Lieblingstraum

"Mein Sohn war damals gerade 2 Jahre alt. Wir waren auf dem Bahnhof und wollten natürlich mit dem Zug fahren.
Der Zug fuhr auf unserem Bahnsteig ein. Wir stiegen ein uns suchten uns einen Sitzplatz. Plötzlich war unser Sohn weg. Ich sah aus dem Fenster. Als der Zug anfuhr, sah ich den kleinen Mann am Bahnsteig stehen. Er stand da einfach so und schaute ganz arglos dem Zug hinterher, wie er aus dem Bahnhof hinaus fuhr. Ganz ohne Angst, eher mit Staunen, betrachtete er den Vorgang.
In mir hingegen wuchs die Angst rapide, nachdem sich die erste Schockstarre wieder zu lösen begann. Inzwischen war mein Sohn aus meinem Blickfeld verschwunden.
Ein Zugbegleiter eilte durch unseren Wagen. Ich hielt ihn auf und sprach ihn an. Aufgeregt erklärte ich ihm, dass unser Sohn am Bahnsteig zurück geblieben war und ich Angst hatte, dass ihm etwas zustößt. Er versprach, sich sofort darum zu kümmern, dass jemand den kleinen Wicht findet und auf ihn aufpasst, bis wir eintreffen. Außerdem nannte er uns die nächste Zugverbindung, die uns wieder zum Ausgangsort zurück bringen würde.

Sekunden und Minuten zerronnen gefühlt zu Tagen, Wochen und Jahren. Endlich kamen wir wieder am Bahnhof an. Wir stiegen aus. Suchend schaute ich mich um. In einiger Entfernung entdeckte ich meinen Sohn auf dem übernächsten Bahnsteig. Da stand er! Wohl behalten und gesund stand er da in seiner Latzhose aus braunem Cord... Aber wen hatte er an seiner Hand? Er lächelte und war offenbar überglücklich. Er schaute diese Person an. Es war meine Oma, die zu diesem Zeitpunkt bereits seit 16 Jahren verstorben war. Sie sah glücklich zu meinem Sohn. Ihr ganzes Gesicht strahlte nur so. Und dann sahen beide wieder zu uns hinüber..."

Ich wachte auf und Freudentränen liefen mir übers ganze Gesicht! Ich hatte meine liebe Oma noch einmal wieder gesehen. Als stünde sie noch ein letztes Mal lebendig vor mir. Ganz detailliert und so wie sie vor ihrer Erkrankung war. Das machte mich sehr glücklich die Beiden so innig verbunden zusammen zu sehen!

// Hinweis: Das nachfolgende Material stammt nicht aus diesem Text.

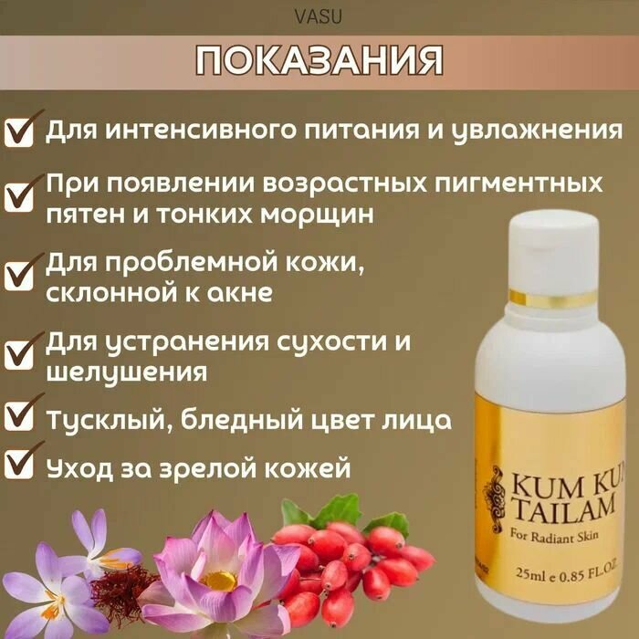 Vasu KUM KUMADI Tailam Oil Кумкумади омолаживающее масло для лица / Васу / 50 мл
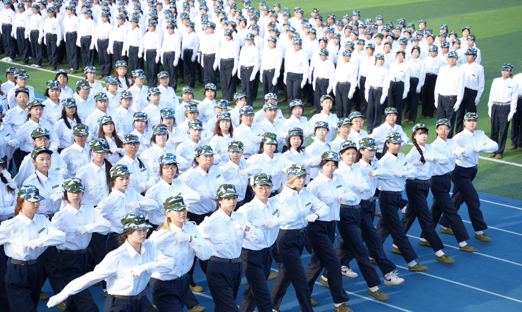 在随后的军训成果展示环节,2025级新生以饱满的热情和整齐的动作,展示了为期两周的军训成果。分列式表演中,各连队方阵步伐铿锵、口号响亮,依次走过主席台,接受检阅。军体拳表演刚劲有力,动作整齐划一,彰显了新时代大学生的阳刚之气和报国之志。

Vielleicht kennt Ihr das? Wenn jemand gegangen ist (wie auch immer) und wir diesen Menschen lange Zeit nicht mehr gesehen haben, dann tragen wir ihn/sie weiter fest in unserem Herzen. Dennoch will es immer schlechter gelingen, uns Einzelheiten ins Gedächtnis zu rufen. Wie klang die Stimme? Wie waren Umarmungen? Wie sah der/die jenige genau aus? Wie war das Lachen? Immer weniger Einzelheiten fallen uns ein. 
Die Menschen, an die ich mich erinnern möchte, haben dann meist kein Gesicht mehr oder nur noch sehr schemenhaft. Dann strenge ich mich an und will genauer hinsehen und kann es doch nicht. Vor allem im Traum kann ich dann nahezu nichts mehr erkennen, wenn ich besonders viele Details sehen möchte. 
In diesem Traum war es anders: Jedes noch so kleine Lachfältchen meiner Oma war so klar zu erkennen, als wäre es Wirklichkeit...

Meinem Sohn habe ich den Traum mittlerweile erzählt und mehrfach - immer und immer wieder erzählen müssen. Er kennt meine Oma nur von Fotos und von meinen Berichten. Er mag sie - schon wegen dieses Traumes.
Und ich glaube tatsächlich, dass diese Beiden einen wahren Narren aneinander gefressen hätten, wenn - ja wenn sie sich denn im Leben begegnet wären.